Division of Gynecologic Oncology, Mayo Clinic, Rochester, MN 55902, USA.
Department of Quantitative Health Sciences, Mayo Clinic, Rochester, MN 55902, USA.
Curr Oncol. 2024 Sep 17;31(9):5557-5572. doi: 10.3390/curroncol31090412.
Endometrial cancer (EC) patients make up the second largest group of female cancer survivors.
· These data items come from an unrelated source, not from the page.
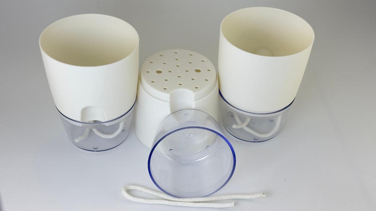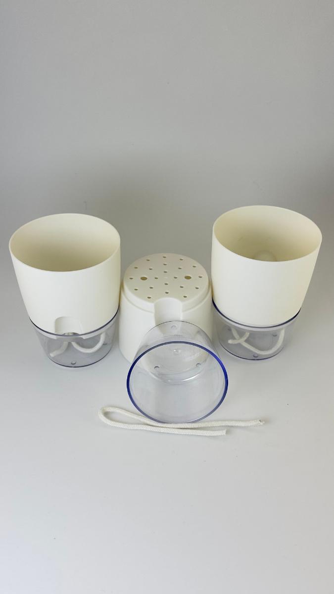 1. Lot Includes Three Sets of New Self-Watering Plant Pots ; Pot diameter 4 inches inner pot 3.5 inches and 5.5 inches tall including the water reservoir.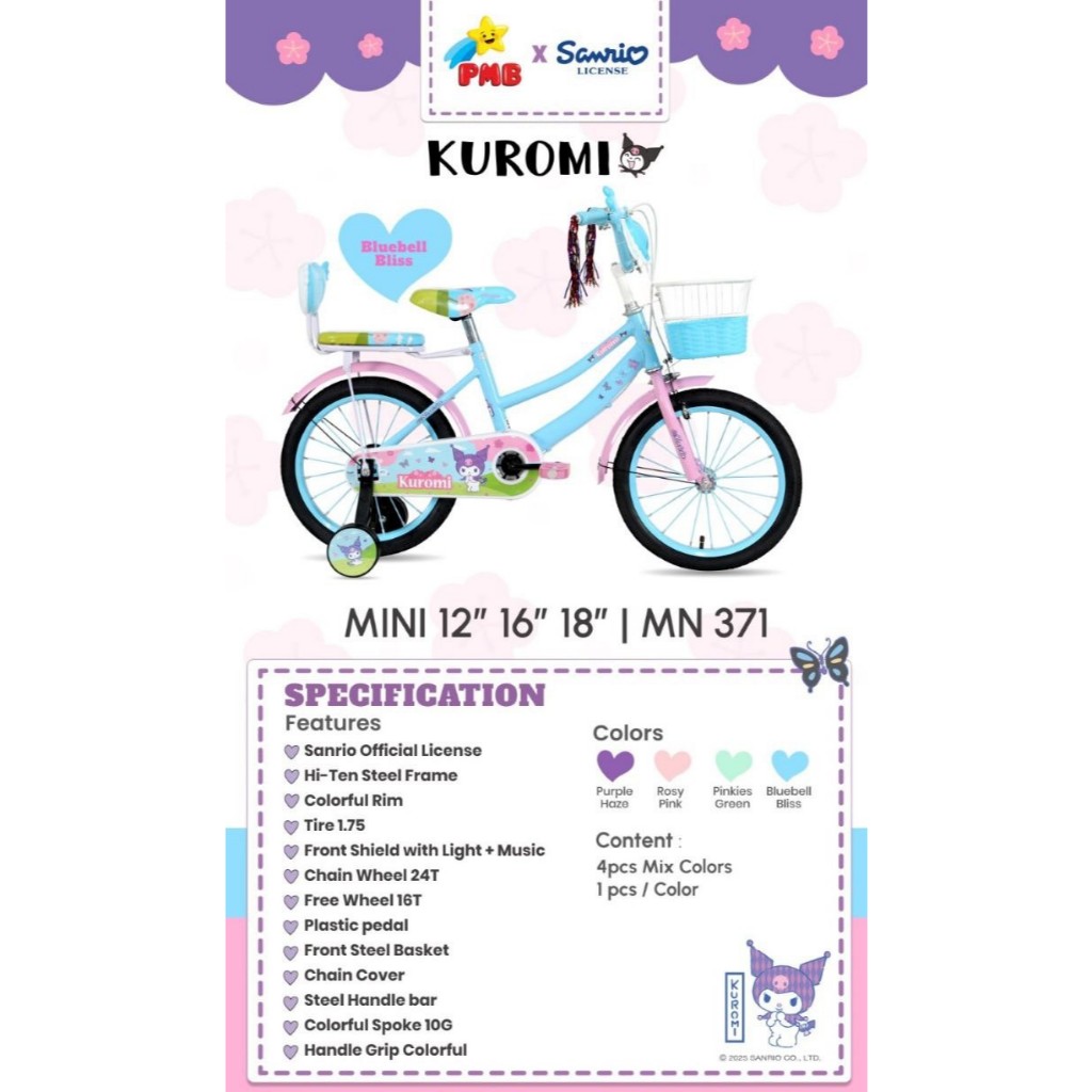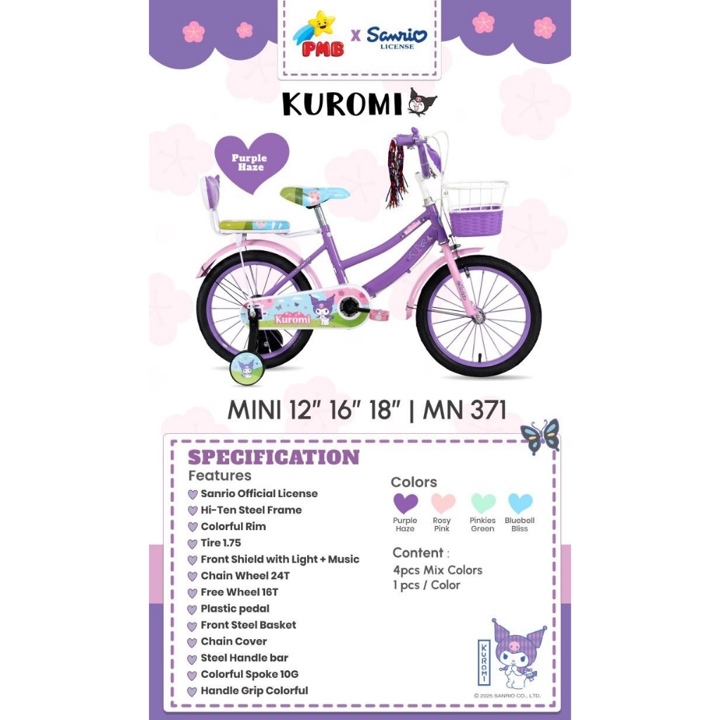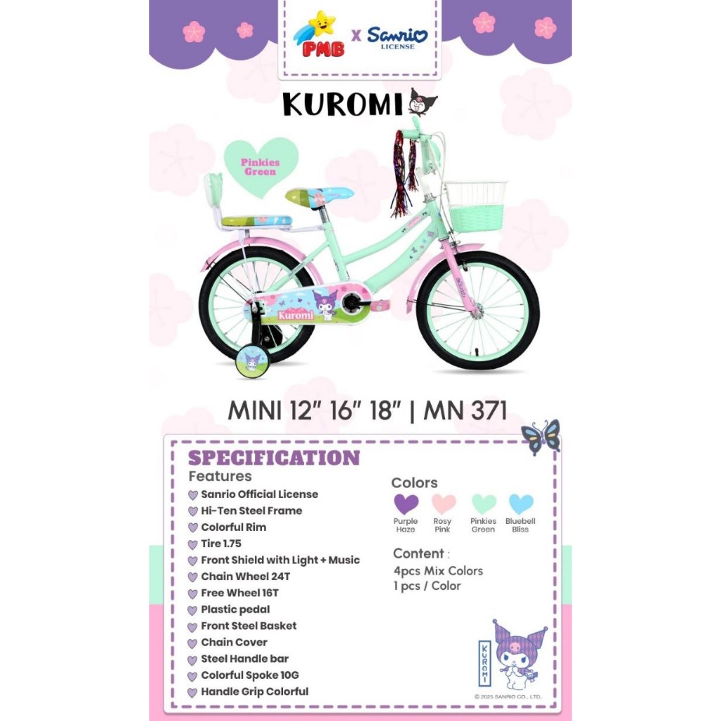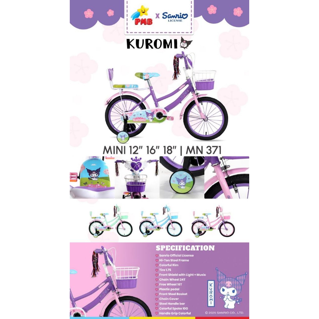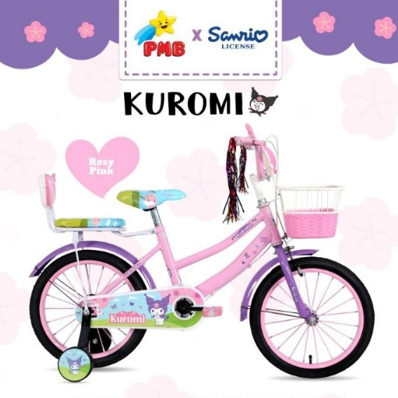 SEPEDA ANAK PEREMPUAN MORTEIN MN 371 KUROMI UKURAN 12 16 18 INCH ADA KERANJANG DAN RODA BANTU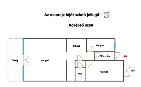- A középső szinten nappali, 7 m2-es kertre néző erkéllyel, konyha + étkező, külön wc, valamint egy zárt szimpla garázs található, ami a házból belső átjárással megközelíthető.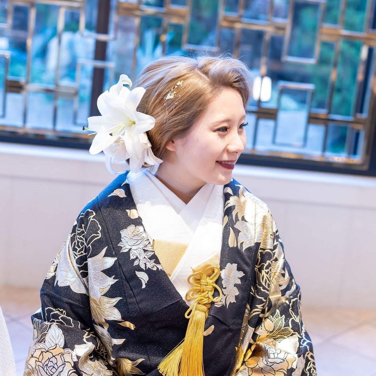 3つとも違う髪型にしたく、ウェディングドレスは巻き下ろし、和装は全てアップにして夜会巻き風な感じ、カクテルドレスはハーフアップで少し可愛めにしました!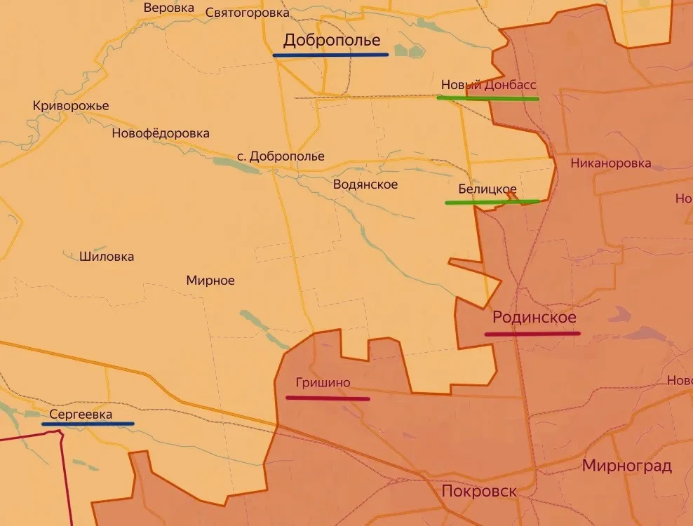 Есть успехи у российских войск и на соседних участках фронта. В частности, активизировались наступательные действия ВС России на Красноармейском направлении. Особенно успешно они действуют к югу от Сергеевки. Отмечается продвижение в окрестностях Гришино и Новоалександровки. А к западу от Родинского враг предпринимает попытки вернуть утерянные позиции.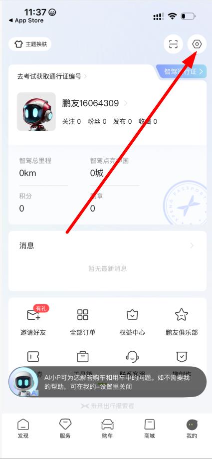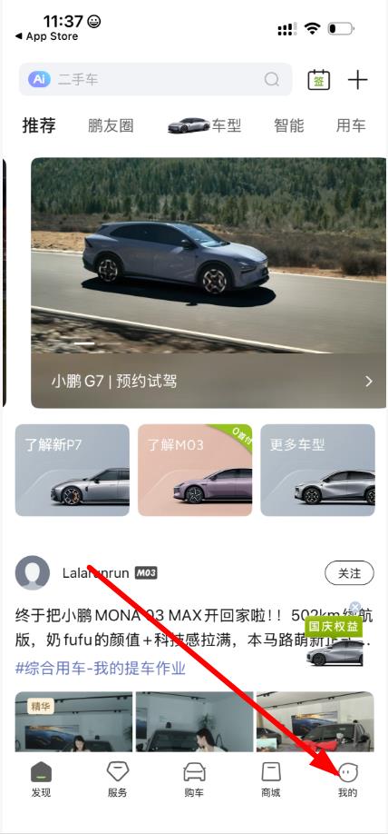 1、打开小鹏汽车APP,点击底部导航栏中的我的选项,进入个人中心页面。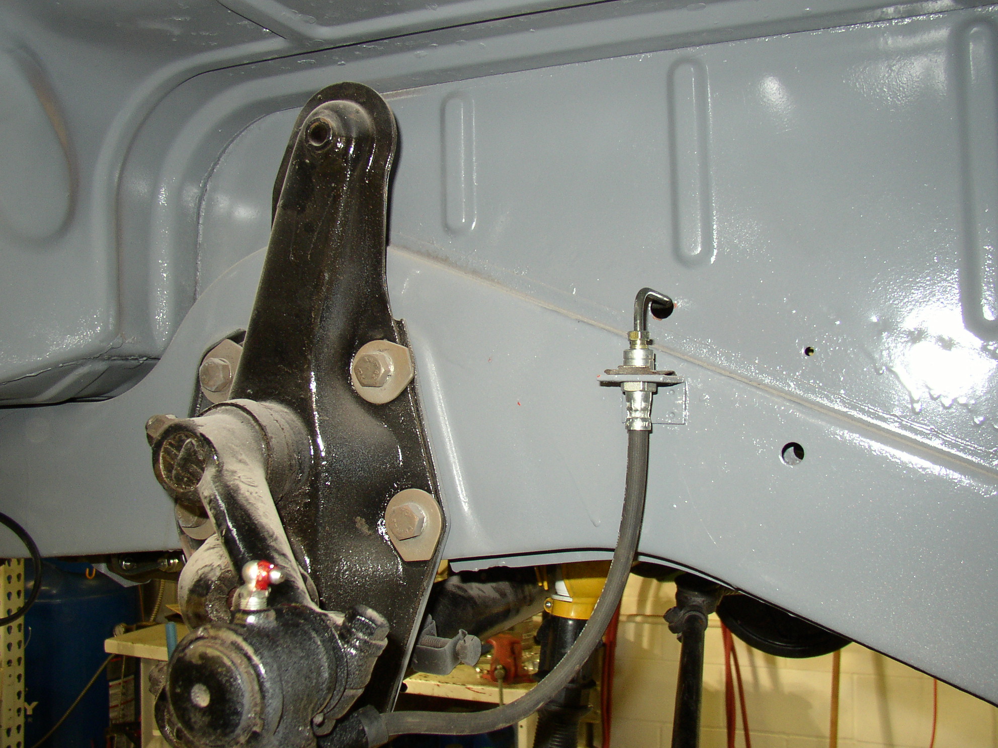 connect the hose to it.. ..... Then tighten it down. It's much harder to start the fitting when it's already in the bracket. This is another place where the 'spensive wrenches pay off- good line wrenches don't flex like cheapie line wrenches. Don't forget the rubber grommets and horseshoe clips.

Patient-reported outcomes (PROs) including quality of life (QOL) and sexual function and satisfaction (SF and S) are critical facets of survivorship. This prospective, longitudinal study assesses associations between baseline characteristics and PROs after treatment. Herein, we report the baseline clinical characteristics and PROs prior to treatment initiation. Outcomes post-treatment over time will be reported separately. Patients with planned surgery for EC were prospectively enrolled in 2019-2021 and administered the European Organization for Research and Treatment of Cancer (EORTC) QOL Questionnaire Core 30 (QLQ-C30), EORTC QLQ EC Module (EN24), Patient-Reported Outcomes Measurement Information System (PROMIS), and the Mayo Clinic lower extremity lymphedema (LEL) questionnaire. This study enrolled 198 patients with a mean (SD) age of 63.6 (9.8) years and body mass index of 35.5 (8.3) kg/m. No significant differences in the PROs for the QOL were seen when compared to the reference means (SD) except for the lower interest in sexual activity (31.9 (9.8) vs. 47.5 (SE0.70)) and lower fatigue (21.3 (19.8) vs. 31.7 (25.9)). Increased obesity was associated with an increased likelihood of LEL ( < 0.01) and multiple QOL scales, including poorer global health status ( < 0.01) and physical functioning ( < 0.01). Prior to treatment initiation for EC, the patients had a similar QOL compared to that of the general population. The patients with increasing obesity, a known risk factor for EC, had worse overall global health status and physical functioning. A better understanding of these QOL measures is imperative for earlier identification and intervention of patients at risk of chronic impairments from EC treatment.
子宫内膜癌(EC)患者构成了女性癌症幸存者中的第二大群体。患者报告的结局(PROs),包括生活质量(QOL)和性功能及满意度(SF 和 S),是生存的关键方面。这项前瞻性、纵向研究评估了治疗前基线特征与 PROs 之间的关系。在此,我们报告治疗前的基线临床特征和 PROs。治疗后随时间推移的结果将单独报告。2019 年至 2021 年,计划接受 EC 手术的患者前瞻性入组,并接受欧洲癌症研究与治疗组织(EORTC)生活质量问卷核心 30 项(QLQ-C30)、EORTC EC 模块(EN24)、患者报告结局测量信息系统(PROMIS)和梅奥诊所下肢淋巴水肿(LEL)问卷。本研究共纳入 198 例患者,平均(SD)年龄 63.6(9.8)岁,体重指数 35.5(8.3)kg/m²。除对性活动的兴趣较低(31.9(9.8)比 47.5(SE0.70))和疲劳感较低(21.3(19.8)比 31.7(25.9))外,PROs 的 QOL 与参考平均值(SD)相比无显著差异。肥胖程度增加与 LEL(<0.01)和多个 QOL 量表的发生几率增加相关,包括总体健康状况较差(<0.01)和身体功能下降(<0.01)。在开始 EC 治疗之前,患者的 QOL 与一般人群相似。已知肥胖是 EC 的一个危险因素,肥胖程度增加的患者总体健康状况和身体功能更差。更好地了解这些 QOL 指标对于早期识别和干预 EC 治疗后有慢性损伤风险的患者至关重要。